**Assigned task:** Every line below from the one containing "与你相互注视 这就是我现在的心情 |" through the one containing "Подкаблучник, мастерская по" must be transcribed exactly. Omit all lines outside that stretch.

**Dataset records:**
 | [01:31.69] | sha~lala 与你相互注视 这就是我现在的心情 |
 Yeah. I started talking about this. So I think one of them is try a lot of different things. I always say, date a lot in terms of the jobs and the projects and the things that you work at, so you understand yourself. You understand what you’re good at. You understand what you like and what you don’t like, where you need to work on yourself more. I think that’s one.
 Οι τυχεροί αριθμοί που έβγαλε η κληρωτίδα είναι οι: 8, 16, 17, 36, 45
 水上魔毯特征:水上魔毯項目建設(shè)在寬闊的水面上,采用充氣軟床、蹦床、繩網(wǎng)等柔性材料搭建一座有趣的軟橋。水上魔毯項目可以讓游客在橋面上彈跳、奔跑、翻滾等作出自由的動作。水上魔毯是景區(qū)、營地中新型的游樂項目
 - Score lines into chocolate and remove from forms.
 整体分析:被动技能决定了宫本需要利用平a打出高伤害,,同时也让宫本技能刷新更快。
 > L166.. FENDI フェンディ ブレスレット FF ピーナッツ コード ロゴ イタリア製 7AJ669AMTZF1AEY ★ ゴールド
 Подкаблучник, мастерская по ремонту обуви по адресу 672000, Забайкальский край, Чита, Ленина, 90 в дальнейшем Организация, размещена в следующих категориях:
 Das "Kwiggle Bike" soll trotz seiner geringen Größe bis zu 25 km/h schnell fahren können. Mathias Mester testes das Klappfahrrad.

---

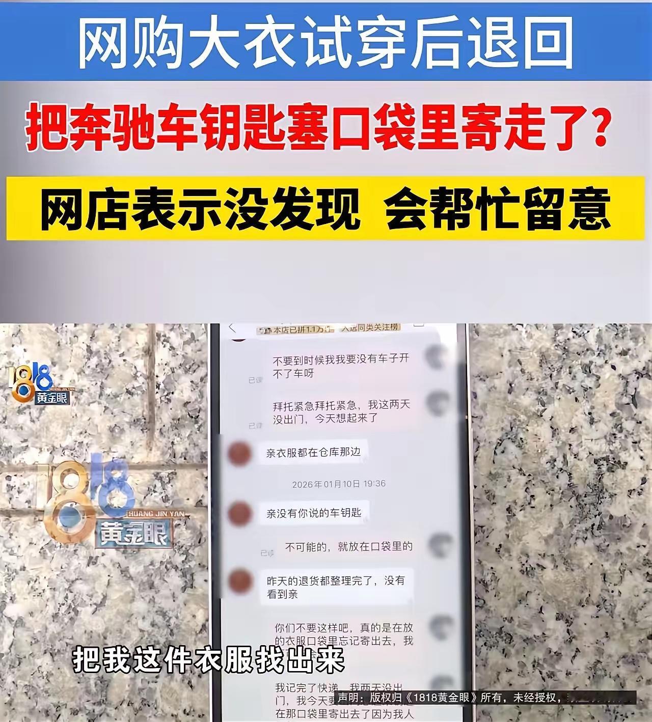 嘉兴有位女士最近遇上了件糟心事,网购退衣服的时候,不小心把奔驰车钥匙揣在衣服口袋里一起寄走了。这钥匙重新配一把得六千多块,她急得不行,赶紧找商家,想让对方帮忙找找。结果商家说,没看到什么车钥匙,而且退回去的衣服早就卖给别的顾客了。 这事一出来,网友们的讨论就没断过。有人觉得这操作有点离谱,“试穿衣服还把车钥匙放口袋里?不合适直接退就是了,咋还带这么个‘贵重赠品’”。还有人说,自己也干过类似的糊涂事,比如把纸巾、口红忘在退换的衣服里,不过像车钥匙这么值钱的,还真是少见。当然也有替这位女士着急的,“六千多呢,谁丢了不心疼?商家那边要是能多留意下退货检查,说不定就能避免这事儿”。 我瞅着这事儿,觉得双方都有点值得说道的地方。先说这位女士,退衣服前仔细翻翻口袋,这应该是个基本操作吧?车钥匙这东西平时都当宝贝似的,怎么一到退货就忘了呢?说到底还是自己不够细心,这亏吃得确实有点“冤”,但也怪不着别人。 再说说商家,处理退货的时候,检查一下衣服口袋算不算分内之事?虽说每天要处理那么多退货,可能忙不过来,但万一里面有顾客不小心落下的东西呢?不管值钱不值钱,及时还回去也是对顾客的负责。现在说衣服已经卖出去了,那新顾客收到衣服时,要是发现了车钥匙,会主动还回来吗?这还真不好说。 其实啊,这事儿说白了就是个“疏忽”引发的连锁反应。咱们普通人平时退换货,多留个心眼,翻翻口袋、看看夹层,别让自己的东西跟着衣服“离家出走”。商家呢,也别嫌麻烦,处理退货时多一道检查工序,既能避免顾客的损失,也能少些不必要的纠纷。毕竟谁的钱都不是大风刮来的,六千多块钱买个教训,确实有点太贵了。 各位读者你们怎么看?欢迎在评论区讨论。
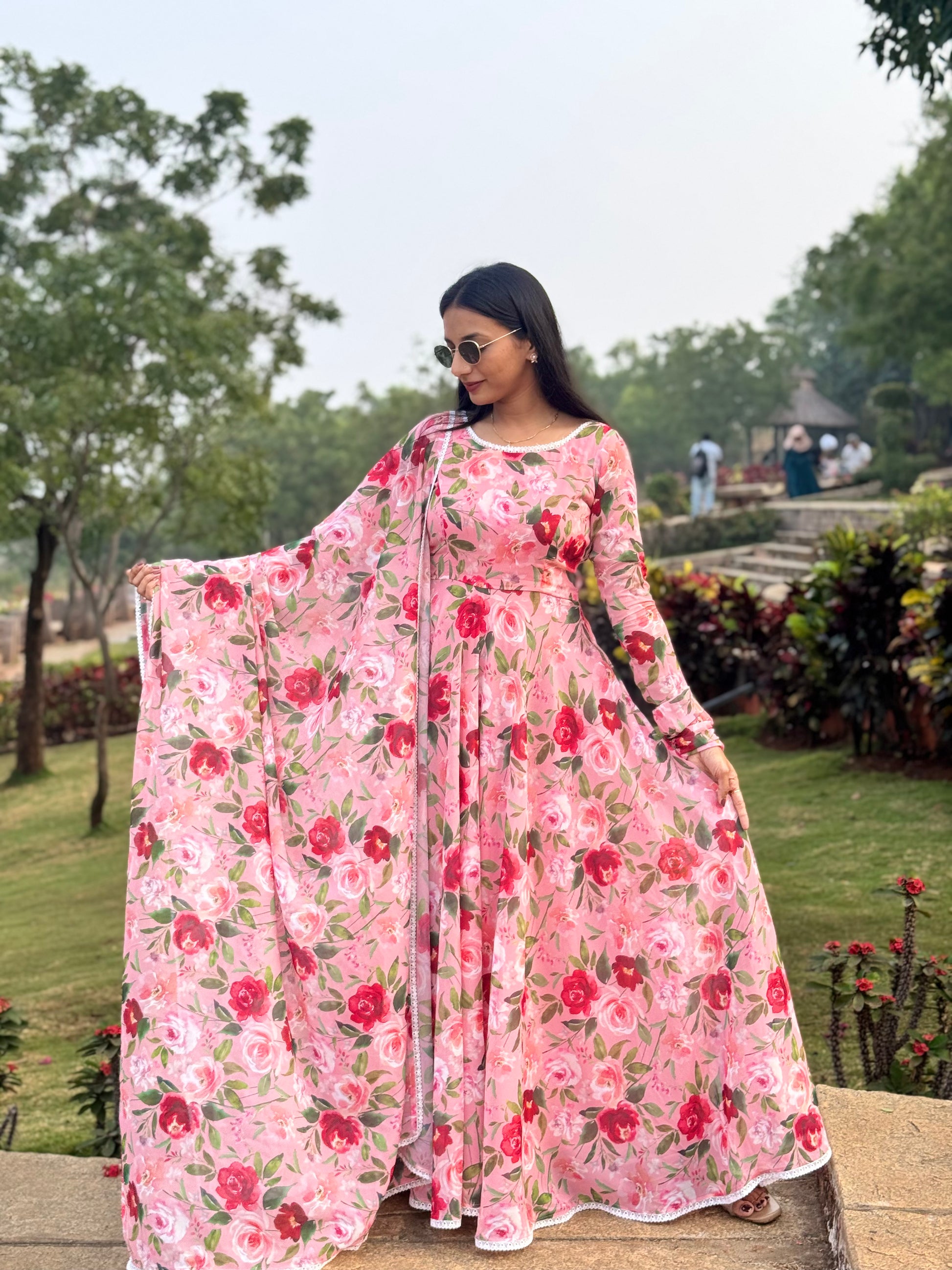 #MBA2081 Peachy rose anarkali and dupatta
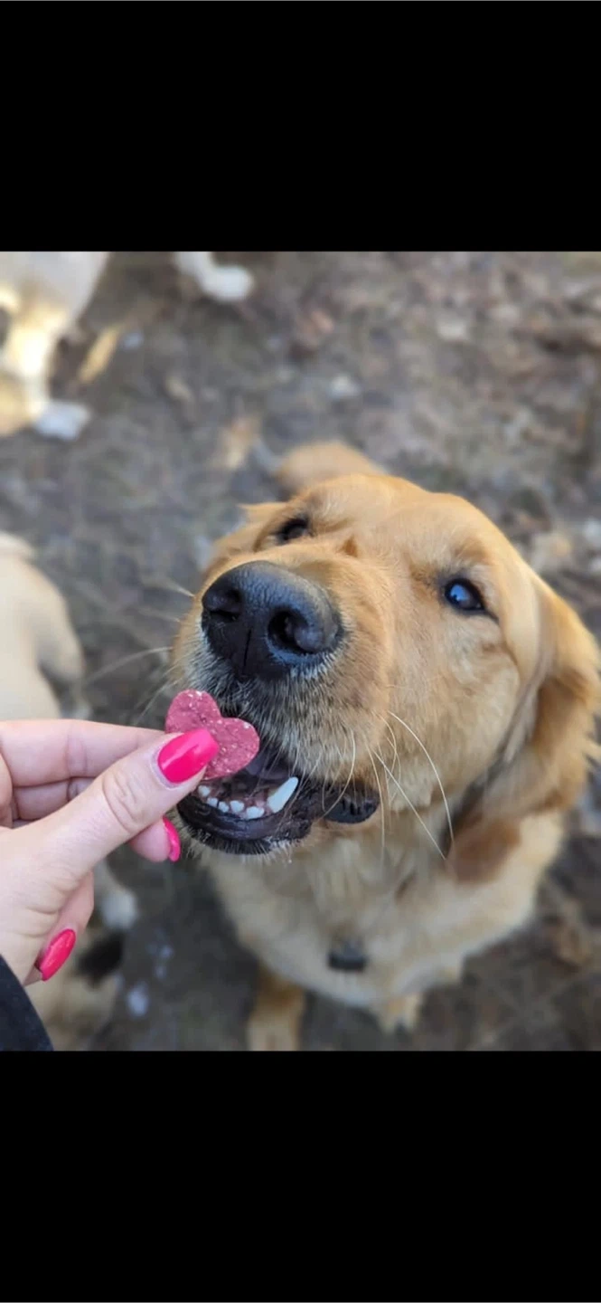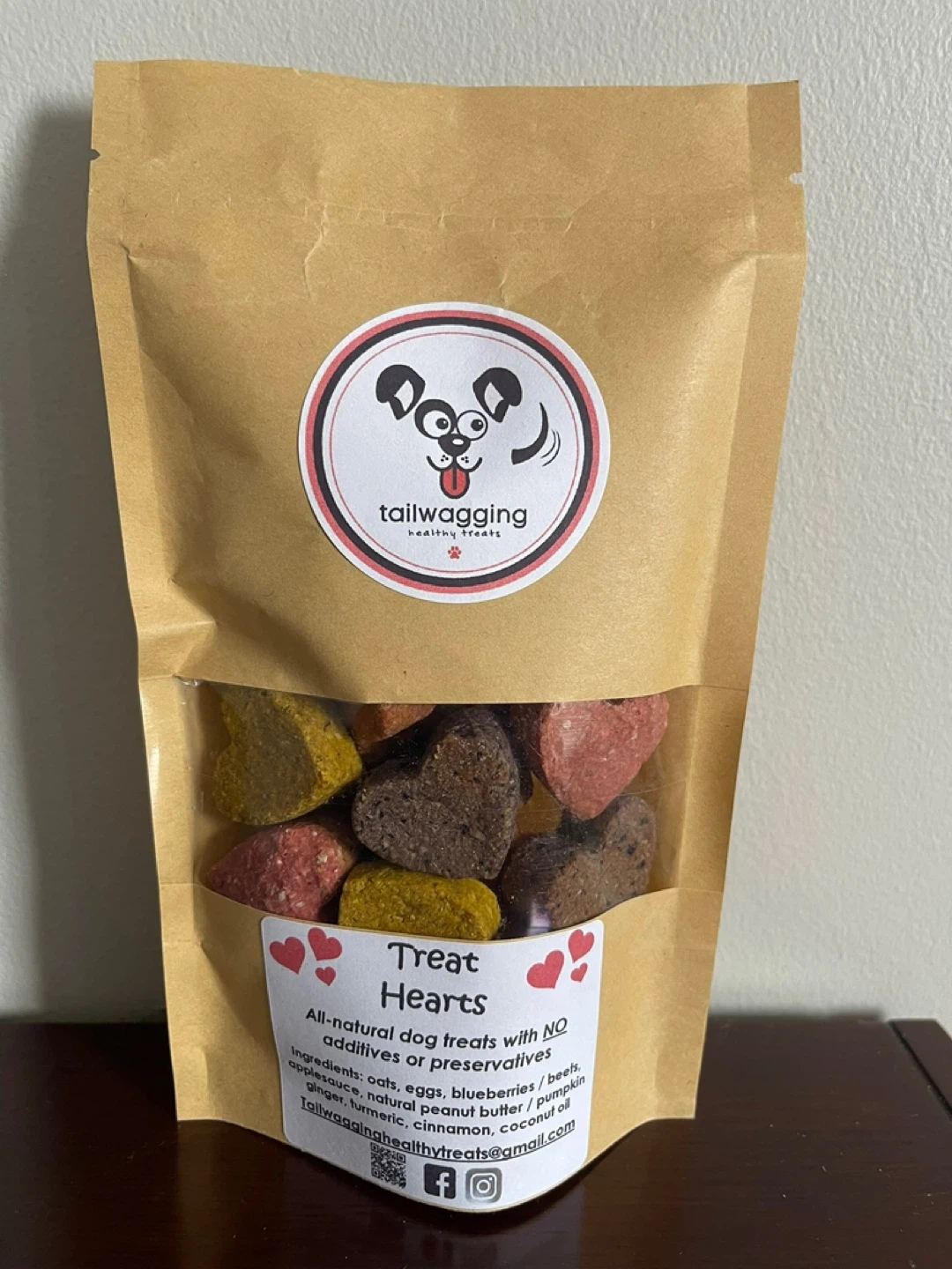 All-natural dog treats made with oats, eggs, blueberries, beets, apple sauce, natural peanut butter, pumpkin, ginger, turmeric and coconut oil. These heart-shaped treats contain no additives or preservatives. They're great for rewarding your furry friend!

**Response to the task:**
 | [01:31.69] | sha~lala 与你相互注视 这就是我现在的心情 |
 Yeah. I started talking about this. So I think one of them is try a lot of different things. I always say, date a lot in terms of the jobs and the projects and the things that you work at, so you understand yourself. You understand what you’re good at. You understand what you like and what you don’t like, where you need to work on yourself more. I think that’s one.
 Οι τυχεροί αριθμοί που έβγαλε η κληρωτίδα είναι οι: 8, 16, 17, 36, 45
 水上魔毯特征:水上魔毯項目建設(shè)在寬闊的水面上,采用充氣軟床、蹦床、繩網(wǎng)等柔性材料搭建一座有趣的軟橋。水上魔毯項目可以讓游客在橋面上彈跳、奔跑、翻滾等作出自由的動作。水上魔毯是景區(qū)、營地中新型的游樂項目
 - Score lines into chocolate and remove from forms.
 整体分析:被动技能决定了宫本需要利用平a打出高伤害,,同时也让宫本技能刷新更快。
 > L166.. FENDI フェンディ ブレスレット FF ピーナッツ コード ロゴ イタリア製 7AJ669AMTZF1AEY ★ ゴールド
 Подкаблучник, мастерская по ремонту обуви по адресу 672000, Забайкальский край, Чита, Ленина, 90 в дальнейшем Организация, размещена в следующих категориях:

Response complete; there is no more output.